魔法少女リリカルなのはStrikerS・Remix

とある魔導師と古き鉄と機動六課のもしもの日常Ver2020

第43.6話 『不幸な夏でも誕生日はやってくる/PART2』




◆◆◆◆◆◆◆◆◆◆


美味しくお昼を食べて、後片付けも手伝って……部屋に戻らせてもらう。

勉強も大事だし、準備もある。夏はとにかく大忙し……高校最後の夏休みだからね。苦労も含めて満喫しないと。

ただ……やっぱり思うところはそれなりにあるわけで。


≪……しかし、どうしますか? 行動予測と言っても完全に詰みですよ≫

「確かにね。こっちは本局や中央ののんきな調査待ちなんだから」

「それにヘブンズドアー……ううん、ヘルズドアーとロビン・ナイチンゲール達の方もある。
実はね、さっき父さんから連絡があったんだ。開発者≪エンリコ・ブベル≫の追加調査を開始したって」

「そういうやアイツ、廃人化して精製式とかサッパリになったんだっけ。おかげで流通も阻止できたけど」

「うん……でも、あんなものをあんな形で改悪したのなら、もしかしたらそれも」


新しく作っているドライバー……というか、トイフェルドライバーの拡張パーツは外装だけ完成。
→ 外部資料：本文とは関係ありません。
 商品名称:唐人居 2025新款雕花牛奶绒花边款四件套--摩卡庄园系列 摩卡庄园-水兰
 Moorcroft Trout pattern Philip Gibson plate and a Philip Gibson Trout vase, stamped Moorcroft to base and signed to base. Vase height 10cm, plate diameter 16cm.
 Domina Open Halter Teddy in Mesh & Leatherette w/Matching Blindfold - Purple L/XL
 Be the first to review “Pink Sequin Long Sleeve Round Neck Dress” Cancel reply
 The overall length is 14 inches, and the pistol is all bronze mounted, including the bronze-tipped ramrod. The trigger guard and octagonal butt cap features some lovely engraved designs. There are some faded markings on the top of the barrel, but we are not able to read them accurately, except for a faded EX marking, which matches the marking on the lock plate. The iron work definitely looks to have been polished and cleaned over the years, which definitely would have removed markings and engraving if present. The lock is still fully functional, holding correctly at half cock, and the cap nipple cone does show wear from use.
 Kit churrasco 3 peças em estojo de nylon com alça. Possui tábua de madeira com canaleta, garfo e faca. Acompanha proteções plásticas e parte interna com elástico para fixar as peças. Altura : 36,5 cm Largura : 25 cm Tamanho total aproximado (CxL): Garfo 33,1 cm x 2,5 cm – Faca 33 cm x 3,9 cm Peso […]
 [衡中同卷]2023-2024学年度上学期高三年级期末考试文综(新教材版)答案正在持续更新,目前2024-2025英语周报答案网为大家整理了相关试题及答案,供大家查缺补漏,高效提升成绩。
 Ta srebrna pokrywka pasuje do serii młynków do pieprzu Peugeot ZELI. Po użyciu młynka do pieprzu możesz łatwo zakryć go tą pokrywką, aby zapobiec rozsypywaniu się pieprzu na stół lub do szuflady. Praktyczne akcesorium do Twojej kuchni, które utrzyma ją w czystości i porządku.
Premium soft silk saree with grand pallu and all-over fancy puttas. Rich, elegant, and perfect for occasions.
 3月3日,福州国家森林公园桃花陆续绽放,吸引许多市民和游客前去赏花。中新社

元々こういうこともあろうかとで弄っていた奴だったからね。何事も備えあればとつい笑っちゃう。


――Everybody Unit――


蒼い片翼がごときパーツは、トイフェルドライバーの左サイドカバーと交換で取り付ける。

これを活用して、予想される電子攻撃やらなんやらに対抗しつつ、強化変身もできるようにって寸法だ。


あとは……ライトパープルに彩られた、もう一つのトイフェルドライバーも用意。

こっちはパーツ取り用の予備機なんだけど、どうしても必要でね。


束がどでかいお中元の整理をしている間に、作業の下準備くらいは進めておかないと……。


「あのとき、もっと調査していれば……二つの組織が薬物に手を染めたのも、もしかしたら実験だったのかも」

「新種のケミカルドラッグを作るとき、よく使われる手だしね」

≪それもシャーリーちゃんともお話していた……クアットロって奴なの?≫

「遊びじゃ済まないゲームもあると、理解していないのは確かだ」

≪でもスカリエッティも、その辺りをきちんと把握していないんでしょうね。
把握しているなら、もうとっくに何らかの要求がされてもいいはずですよ≫

「ロストロギアに頼るよりは楽勝だよねぇ」


それがまた奇妙なちぐはぐ感だった。だからこそ余計に際立ち、奴らの姿を映し出す。

スカリエッティの目的……その思想は、少なくとも極端な虐殺をよしとはしない。しかし周囲は違う。だからズレる……だから理想を歪める。


でもそれが拗れに拗れて核を発射する狂人に成り下がるとか、さすがに笑えないんですけど?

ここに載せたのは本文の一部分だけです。